Your goal:
Start at the first line of the listing below. Write out each line exactly, stopping after the one that contains "English silver cream".

Recorded data:
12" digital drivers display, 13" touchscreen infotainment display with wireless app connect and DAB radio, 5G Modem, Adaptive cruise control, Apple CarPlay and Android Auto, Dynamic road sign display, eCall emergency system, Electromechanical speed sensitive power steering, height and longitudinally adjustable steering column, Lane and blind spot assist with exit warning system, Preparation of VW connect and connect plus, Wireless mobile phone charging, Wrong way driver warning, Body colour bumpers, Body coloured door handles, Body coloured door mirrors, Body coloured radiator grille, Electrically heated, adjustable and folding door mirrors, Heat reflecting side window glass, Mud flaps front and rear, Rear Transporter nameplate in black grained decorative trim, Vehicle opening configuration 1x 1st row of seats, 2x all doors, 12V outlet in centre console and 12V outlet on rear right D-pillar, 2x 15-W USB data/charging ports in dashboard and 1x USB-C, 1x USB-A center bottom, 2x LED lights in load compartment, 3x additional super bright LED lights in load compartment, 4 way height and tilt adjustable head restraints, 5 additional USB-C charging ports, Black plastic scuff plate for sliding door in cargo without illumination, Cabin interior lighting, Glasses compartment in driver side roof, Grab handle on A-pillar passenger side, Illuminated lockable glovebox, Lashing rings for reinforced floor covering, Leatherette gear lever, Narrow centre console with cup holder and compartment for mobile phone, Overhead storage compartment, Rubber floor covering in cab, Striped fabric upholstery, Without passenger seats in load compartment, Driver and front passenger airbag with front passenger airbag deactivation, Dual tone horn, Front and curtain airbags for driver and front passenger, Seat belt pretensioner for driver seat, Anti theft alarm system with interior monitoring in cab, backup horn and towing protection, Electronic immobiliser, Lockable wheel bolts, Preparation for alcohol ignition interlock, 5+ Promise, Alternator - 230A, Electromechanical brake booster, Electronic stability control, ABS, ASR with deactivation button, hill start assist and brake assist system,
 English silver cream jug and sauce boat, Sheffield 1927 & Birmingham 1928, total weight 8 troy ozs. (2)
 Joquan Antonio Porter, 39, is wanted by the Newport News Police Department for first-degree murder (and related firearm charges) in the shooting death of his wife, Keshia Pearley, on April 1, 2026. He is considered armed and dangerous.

Exercise solution:
12" digital drivers display, 13" touchscreen infotainment display with wireless app connect and DAB radio, 5G Modem, Adaptive cruise control, Apple CarPlay and Android Auto, Dynamic road sign display, eCall emergency system, Electromechanical speed sensitive power steering, height and longitudinally adjustable steering column, Lane and blind spot assist with exit warning system, Preparation of VW connect and connect plus, Wireless mobile phone charging, Wrong way driver warning, Body colour bumpers, Body coloured door handles, Body coloured door mirrors, Body coloured radiator grille, Electrically heated, adjustable and folding door mirrors, Heat reflecting side window glass, Mud flaps front and rear, Rear Transporter nameplate in black grained decorative trim, Vehicle opening configuration 1x 1st row of seats, 2x all doors, 12V outlet in centre console and 12V outlet on rear right D-pillar, 2x 15-W USB data/charging ports in dashboard and 1x USB-C, 1x USB-A center bottom, 2x LED lights in load compartment, 3x additional super bright LED lights in load compartment, 4 way height and tilt adjustable head restraints, 5 additional USB-C charging ports, Black plastic scuff plate for sliding door in cargo without illumination, Cabin interior lighting, Glasses compartment in driver side roof, Grab handle on A-pillar passenger side, Illuminated lockable glovebox, Lashing rings for reinforced floor covering, Leatherette gear lever, Narrow centre console with cup holder and compartment for mobile phone, Overhead storage compartment, Rubber floor covering in cab, Striped fabric upholstery, Without passenger seats in load compartment, Driver and front passenger airbag with front passenger airbag deactivation, Dual tone horn, Front and curtain airbags for driver and front passenger, Seat belt pretensioner for driver seat, Anti theft alarm system with interior monitoring in cab, backup horn and towing protection, Electronic immobiliser, Lockable wheel bolts, Preparation for alcohol ignition interlock, 5+ Promise, Alternator - 230A, Electromechanical brake booster, Electronic stability control, ABS, ASR with deactivation button, hill start assist and brake assist system,
 English silver cream jug and sauce boat, Sheffield 1927 & Birmingham 1928, total weight 8 troy ozs. (2)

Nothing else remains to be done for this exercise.